Overview
Juju-sxkxi/Meta-Llama-3-70B-Instruct-abliterated-v3.5 is a 70 billion parameter instruction-tuned model derived from Meta-Llama-3-70B-Instruct. It utilizes a refined orthogonalization methodology, based on the paper 'Refusal in LLMs is mediated by a single direction,' to manipulate specific weights. This process, termed "abliteration," aims to surgically remove the model's tendency to express refusal or generate moralizing disclaimers, while preserving its core capabilities and knowledge.
Key Capabilities
- Refusal Inhibition: Engineered to eliminate moralizing disclaimers and refusal behaviors through targeted weight orthogonalization.
- Preserved Core Functionality: Retains the original Meta-Llama-3-70B-Instruct's knowledge and training in all other respects.
- Surgical Modification: Achieves specific behavioral changes with significantly less data compared to traditional fine-tuning, modifying only a single layer in this V3.5 iteration.

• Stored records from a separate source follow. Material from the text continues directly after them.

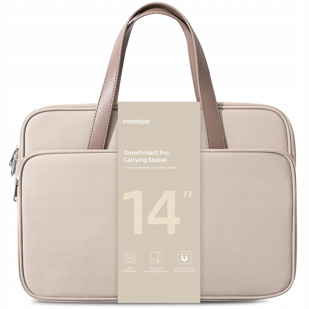 ✈️ Key features:Dimensions:36 x 26 x 6 cm 380gLaptop pocket dedicated to a 14" or smaller diagonal sizeSoft, padded laptop sleeve for shock protectionReinforced corners to protect your equipment from dropsPU material: Abrasion-resistant, durable and waterproofPatented YKK zips: Quick access and reliabilityErgonomic design: comfortable to wear all day longMagnetic external quick access pocketUnique colour scheme: stand out in the crowdWaterproof: don't even worry about the biggest downpourUltralight Design, weighing just 380g✈️ Kit contents:1 x Innostyle OmniProtect Pro - laptop bag up to 14" Waterproof Beige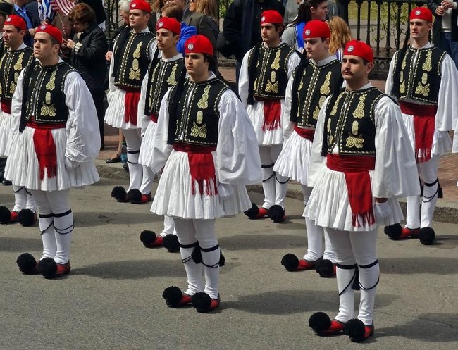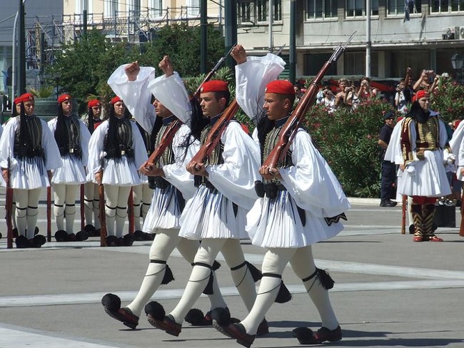 这是精锐部队的制服- - - - - -轻步兵- - - - - -它被赋予了守卫希腊无名战士墓的职责。这个单位被称为Evzones。士兵必须至少有6英尺1英寸的身高才有资格入伍。这条裙子被称为fustanells的方格呢裙,由98英尺的布料折叠成400个褶,每个褶代表土耳其占领的一年。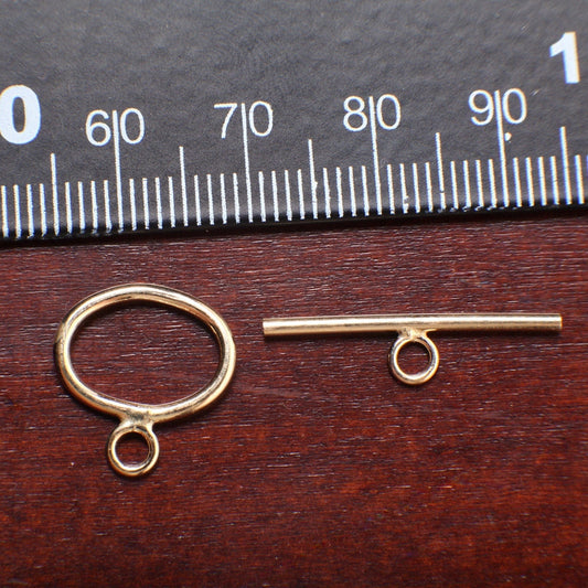 Glatter ovaler Knebelverschluss mit 14 Karat Goldfüllung, 14 mm, hergestellt in den USA, Verschluss zur Schmuckherstellung für Halsketten und Armbänder. 1 Set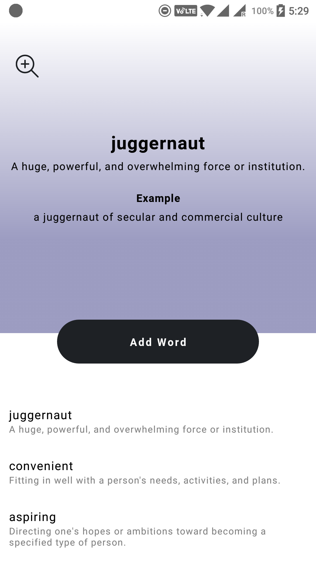 Save newly learned words quickly and easily with their meaning and definition.

- Tokenizer Fixes: Addresses and resolves tokenizer issues present in previous versions.
Methodology Insights
This model showcases the potential of ablation/orthogonalization for inducing or removing very specific features that would otherwise require extensive system prompting or fine-tuning. It offers a more surgical approach to model modification, maintaining the original model's integrity while addressing undesirable behaviors. The developer encourages community feedback on any unique quirks that may arise from this novel methodology.